***** DATA EXCERPTS

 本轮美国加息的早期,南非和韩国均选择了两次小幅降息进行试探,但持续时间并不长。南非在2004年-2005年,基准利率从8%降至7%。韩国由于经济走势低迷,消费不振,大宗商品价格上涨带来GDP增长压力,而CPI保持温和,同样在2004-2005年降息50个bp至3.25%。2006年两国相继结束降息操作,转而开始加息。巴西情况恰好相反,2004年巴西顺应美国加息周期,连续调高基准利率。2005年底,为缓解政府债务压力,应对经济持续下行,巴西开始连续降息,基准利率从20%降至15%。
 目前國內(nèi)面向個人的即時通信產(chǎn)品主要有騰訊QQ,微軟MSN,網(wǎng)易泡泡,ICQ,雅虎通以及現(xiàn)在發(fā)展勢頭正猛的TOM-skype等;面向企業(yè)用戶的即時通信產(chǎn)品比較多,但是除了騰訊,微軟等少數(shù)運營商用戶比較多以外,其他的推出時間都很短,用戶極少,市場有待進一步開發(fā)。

**********
***** DATA EXCERPTS

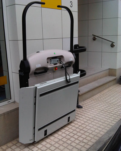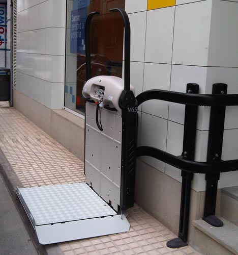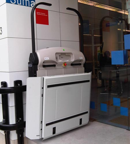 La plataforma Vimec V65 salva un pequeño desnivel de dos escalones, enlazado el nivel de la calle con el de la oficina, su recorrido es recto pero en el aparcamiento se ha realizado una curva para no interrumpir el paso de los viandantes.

**********
***** DATA EXCERPTS

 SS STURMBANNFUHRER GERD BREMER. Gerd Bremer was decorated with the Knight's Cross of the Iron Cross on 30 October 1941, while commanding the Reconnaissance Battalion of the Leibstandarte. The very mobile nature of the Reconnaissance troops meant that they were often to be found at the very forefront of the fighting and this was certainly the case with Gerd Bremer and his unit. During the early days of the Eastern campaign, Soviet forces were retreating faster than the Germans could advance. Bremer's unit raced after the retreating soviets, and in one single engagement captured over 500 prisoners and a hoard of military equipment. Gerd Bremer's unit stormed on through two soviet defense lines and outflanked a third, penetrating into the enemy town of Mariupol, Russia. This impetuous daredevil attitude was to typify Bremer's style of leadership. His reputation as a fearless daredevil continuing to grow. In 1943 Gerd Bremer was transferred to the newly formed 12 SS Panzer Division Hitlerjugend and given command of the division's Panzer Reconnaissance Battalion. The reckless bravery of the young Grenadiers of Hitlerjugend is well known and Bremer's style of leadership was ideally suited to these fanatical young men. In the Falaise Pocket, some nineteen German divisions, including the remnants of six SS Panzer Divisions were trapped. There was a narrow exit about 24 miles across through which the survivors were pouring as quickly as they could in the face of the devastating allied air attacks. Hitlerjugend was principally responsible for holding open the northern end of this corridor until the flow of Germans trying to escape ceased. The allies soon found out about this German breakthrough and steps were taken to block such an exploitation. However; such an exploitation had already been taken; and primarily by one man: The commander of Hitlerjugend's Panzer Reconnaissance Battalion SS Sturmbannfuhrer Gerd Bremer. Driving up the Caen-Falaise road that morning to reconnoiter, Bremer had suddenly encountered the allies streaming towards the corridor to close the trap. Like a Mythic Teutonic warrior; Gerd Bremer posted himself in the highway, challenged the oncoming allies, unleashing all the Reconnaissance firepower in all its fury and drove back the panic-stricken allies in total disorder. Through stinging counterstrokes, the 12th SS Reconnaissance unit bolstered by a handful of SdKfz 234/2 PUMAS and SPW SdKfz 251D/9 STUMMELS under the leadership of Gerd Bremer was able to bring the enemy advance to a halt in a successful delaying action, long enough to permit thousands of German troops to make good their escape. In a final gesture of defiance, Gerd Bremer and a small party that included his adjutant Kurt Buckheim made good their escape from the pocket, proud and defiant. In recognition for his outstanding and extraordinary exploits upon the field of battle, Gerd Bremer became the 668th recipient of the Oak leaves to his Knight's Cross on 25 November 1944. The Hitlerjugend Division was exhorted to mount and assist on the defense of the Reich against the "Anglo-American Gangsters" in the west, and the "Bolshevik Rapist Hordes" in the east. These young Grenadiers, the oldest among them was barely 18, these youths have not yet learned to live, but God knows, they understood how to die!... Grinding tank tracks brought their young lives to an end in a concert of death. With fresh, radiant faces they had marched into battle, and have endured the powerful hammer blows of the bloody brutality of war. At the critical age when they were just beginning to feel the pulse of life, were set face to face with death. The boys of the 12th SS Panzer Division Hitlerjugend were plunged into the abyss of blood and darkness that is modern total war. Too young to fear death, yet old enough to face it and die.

**********

From the records above, quote only the lines running from the line with "本轮美国加息的早期,南非和韩" to the line with "目前國內(nèi)面向個人的", both lines included.

 本轮美国加息的早期,南非和韩国均选择了两次小幅降息进行试探,但持续时间并不长。南非在2004年-2005年,基准利率从8%降至7%。韩国由于经济走势低迷,消费不振,大宗商品价格上涨带来GDP增长压力,而CPI保持温和,同样在2004-2005年降息50个bp至3.25%。2006年两国相继结束降息操作,转而开始加息。巴西情况恰好相反,2004年巴西顺应美国加息周期,连续调高基准利率。2005年底,为缓解政府债务压力,应对经济持续下行,巴西开始连续降息,基准利率从20%降至15%。
 目前國內(nèi)面向個人的即時通信產(chǎn)品主要有騰訊QQ,微軟MSN,網(wǎng)易泡泡,ICQ,雅虎通以及現(xiàn)在發(fā)展勢頭正猛的TOM-skype等;面向企業(yè)用戶的即時通信產(chǎn)品比較多,但是除了騰訊,微軟等少數(shù)運營商用戶比較多以外,其他的推出時間都很短,用戶極少,市場有待進一步開發(fā)。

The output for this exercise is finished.